Closed Mayur28 closed 3 years ago
if you change the gpu_ids from 0,1,2
to 0
you will only use single gpu and memory will be 1/3 as original, which is not enough to train the model.
Thanks for the reply.
As mentioned above, I made the above amendment with the hope that the Google Colab GPU is powerful enough (and has sufficient memory) to train the model. Unfortunately, I do not have access to 3 GPU's at the moment but I am atleast glad that the source of the issue is established.
@Mayur28 out of memory is GPU memory issue, change pool size will only help RAM issue. If the gpu you are using has larger than 35GB memory, I think this problem will be solved.
Thank you for the clarification. Will give it a try!
Hi TAMU-VITA,
Your guys work is really impressive!
I've been trying to train your model as specified in the readme file but I keep getting a cuda out of memory error. Because I initially I recieved the same is on my GPU (GTX 1650), I then tried to train it using Google Colab hoping that their GPU is more powerful but the problem persists. I've read through the previous issues that are similar to mine hoping I could find a solution.
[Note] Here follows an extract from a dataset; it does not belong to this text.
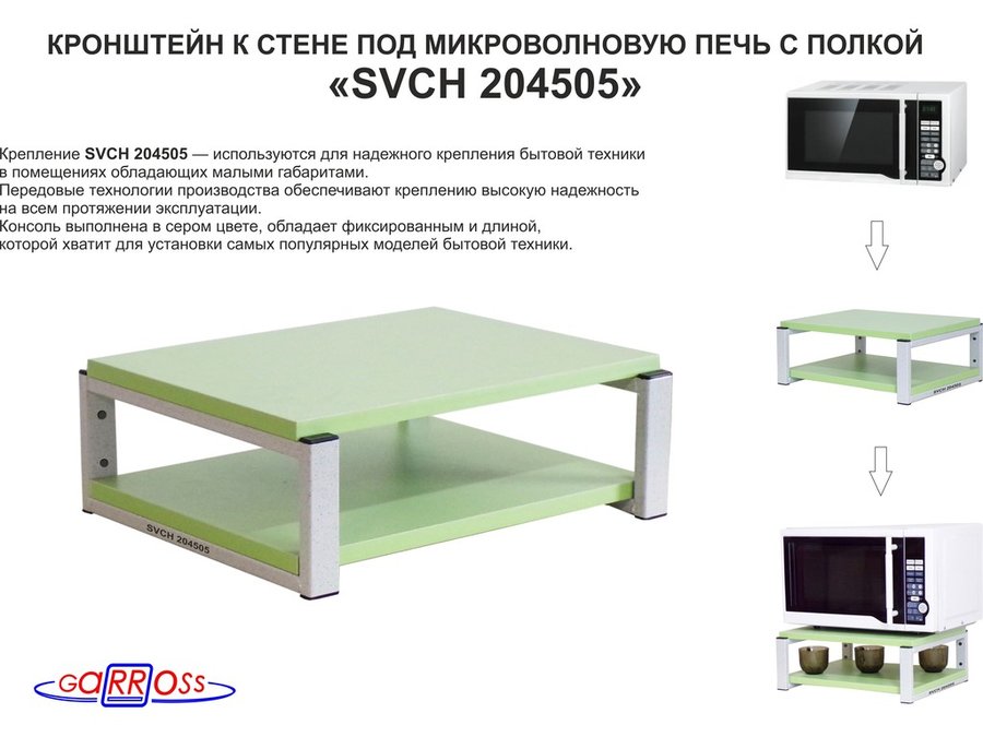 В корзину Купить в 1 клик Кронштейн для микроволновки, 17см серый "SVCH 204505" под микроволновую печь, полка 30х40, салатовый
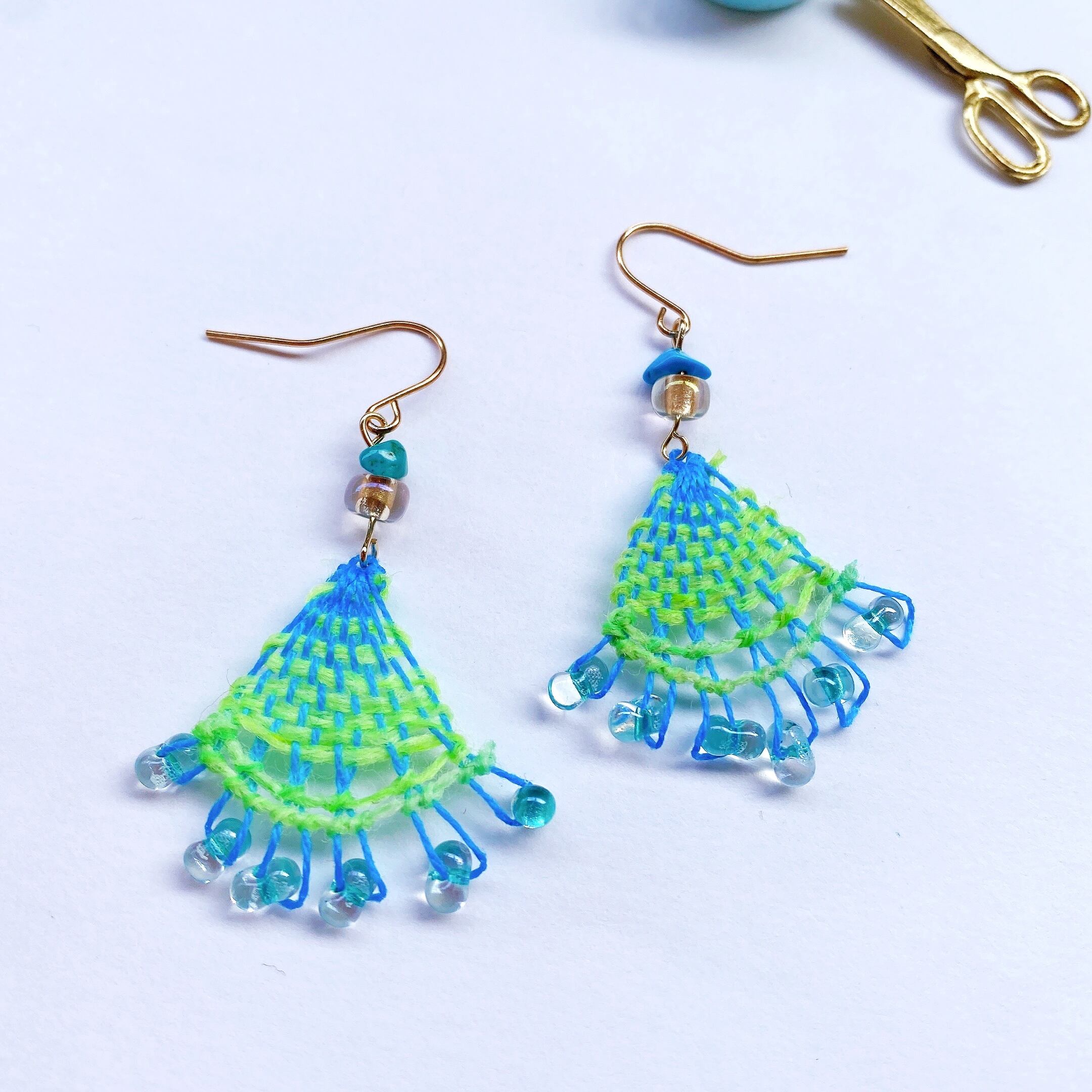 [材料]      エメラルドグリーン色・ブルー糸・ピアス金具

Following from this, the only changes that I made to try and train the model is to change the gpu_id from '0,1,2' to just '0' since I'm using a single GPU and I tried reducing the pool size to 25. Despite these minor alterations, the problem persists.
The stacktrace that I get is as follows: THCudaCheck FAIL file=/pytorch/torch/lib/THC/generic/THCStorage.cu line=58 error=2 : out of memory Traceback (most recent call last): File "train.py", line 31, in
model.optimize_parameters(epoch)
File "/content/Hello-World/EnlightenGAN-master/EnlightenGAN-master/models/single_model.py", line 397, in optimize_parameters
self.backward_G(epoch)
File "/content/Hello-World/EnlightenGAN-master/EnlightenGAN-master/models/single_model.py", line 334, in backward_G
self.fake_B, self.real_A) self.opt.vgg if self.opt.vgg > 0 else 0
File "/content/Hello-World/EnlightenGAN-master/EnlightenGAN-master/models/networks.py", line 1028, in compute_vgg_loss
img_fea = vgg(img_vgg, self.opt)
File "/usr/local/lib/python3.6/dist-packages/torch/nn/modules/module.py", line 357, in call
result = self.forward(input, kwargs)
File "/usr/local/lib/python3.6/dist-packages/torch/nn/parallel/data_parallel.py", line 71, in forward
return self.module(*inputs[0], *kwargs[0])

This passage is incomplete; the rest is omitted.